I visualized the patches I extracted, the patches at the same level seem similar even though the magnification is different. Is pixel size more important than magnification? Is it better to extract patches at similar pixel sizes rather than the same magnification?

image

binli123 commented 2 years ago

I visualized the patches I extracted, the patches at the same level seem similar even though the magnification is different. Is pixel size more important than magnification? Is it better to extract patches at similar pixel sizes rather than the same magnification?

image

Yes, I only realized this afterward. It is just better to match micron/pixel instead of the magnifications because the scanners have different standards.

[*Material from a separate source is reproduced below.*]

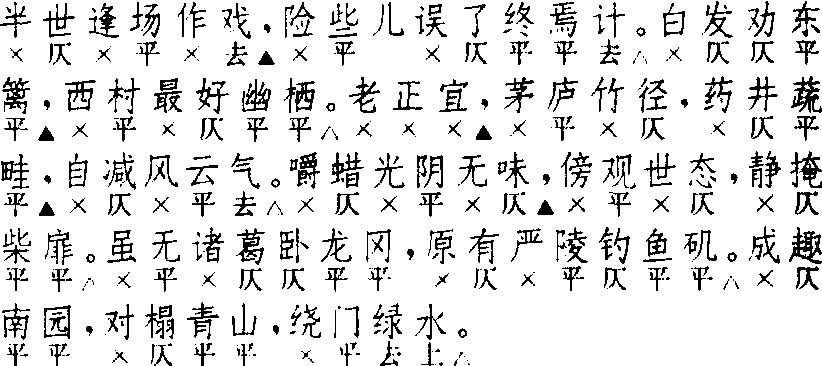 | 释义 | 哨遍 哨遍词牌名。又名《稍遍》。始见于苏轼《东坡词》。双调二百零三字,上阕五平韵四仄韵,下阕五平韵八仄韵。然其体近似散文,句读平仄往往不拘。又曲牌名。南北曲均入般涉调,字句格律与词牌异。参见“常用曲谱”类。 ☚ 宝鼎现 戚氏 ☛ 哨遍 哨遍马致远 散套 ![]() 全曲十六句:6▲,7△。5▲,7△。3▲,4,4▲,5△。6▲,4,4△。7,7△。4,4,4△。第三句可作七字句,或六字折腰句。第四句多作上三下四式七字句。第六、七句对。第十、十 一句对。第十二、十三句对。末三句鼎足对,或只对两句。睢景臣《高祖还乡》套,减第九、十、十一句,仅见。石君宝《紫云亭》第八句不叶韵,改在第九句叶韵断句。散套首牌,剧套联入套内。有幺篇换头,剧套不用,散套可用可不用。亦入〔正宫〕、〔中吕〕,只用在剧套中。与词牌小异。同诸宫调。南〔般涉调〕慢词用宋词。 ☚ 般涉调 耍孩儿 ☛ 哨遍 哨遍或作《稍遍》。见宋苏轼《东坡乐府》。其小序云“乃取《归去来辞》,稍加檃括,使就声律”,是为苏轼所创。汲古阁本《东坡词》于《稍遍》后附小注:“其词盖世所谓‘般瞻’之《稍遍》也。‘般瞻’,龟兹语也,华言为五声,盖羽声也,于五音之次为第五。今世作‘般涉’,误矣。《稍遍》三叠,每叠加促字,当为‘稍’,读去声。世作‘哨’,或作‘涉’,皆非是。”然各本仍多作《哨遍》。《词律》卷二○、《词谱》卷三九皆以苏轼所作(为米折腰)为正体,双调,二百零三字,上片十七句五仄韵四平韵,下片二十句五平韵七仄韵,同部参差错叶。《词律》云“此调长而多讹”,《词谱》云“其体颇近散文”。《词谱》列别体八种,其中《花草粹编》无名氏所作仅一百六十字,馀皆略有参差,用韵、句法或句读有异,汪莘一首平仄各韵,不用三声叶。 ☚ 晕眉山 唤春愁 ☛ 哨遍 哨遍词牌名。一作稍遍。苏轼创制。双调。苏轼《哨遍》词序:“陶渊明赋《归去来》,有其词而无其声,余既治东坡,筑雪堂于上,人人俱笑其陋,独鄱阳董毅夫过而悦之,有卜邻之意。乃取《归去来辞》稍加隐栝,使就声律,以遗毅夫。使家僮歌之,时相从于东坡,释耒而和之,扣牛角而为之节,不亦乐乎?”见苏轼《东坡乐府》。 ☚ 夜半乐 莺啼序 ☛ 哨遍 哨遍词牌名。一作《稍遍》。苏轼创制。双调。苏轼《哨遍》词序:“陶渊明赋《归去来》,有其词而无其声,余既治东坡,筑雪堂于上,人人俱笑其陋,独鄱阳董毅夫过而悦之,有卜邻之意。乃取《归去来辞》稍加隐栝,使就声律,以遗毅夫。使家僮歌之,时相从于东坡,释来而和之,扣牛角而为之节,不亦乐乎?”见苏轼《东坡乐府》。 ☚ 西河 解连环 ☛ |

pzSuen commented 2 years ago

Ok, thank you for your patient reply!

HHHedo commented 1 year ago

I visualized the patches I extracted, the patches at the same level seem similar even though the magnification is different. Is pixel size more important than magnification? Is it better to extract patches at similar pixel sizes rather than the same magnification?

image

Hi, Could you please tell me how to find the magnification of C16 WSIs? I use the openslide library to open WSIs, and I did not find the magnification information in the metedata.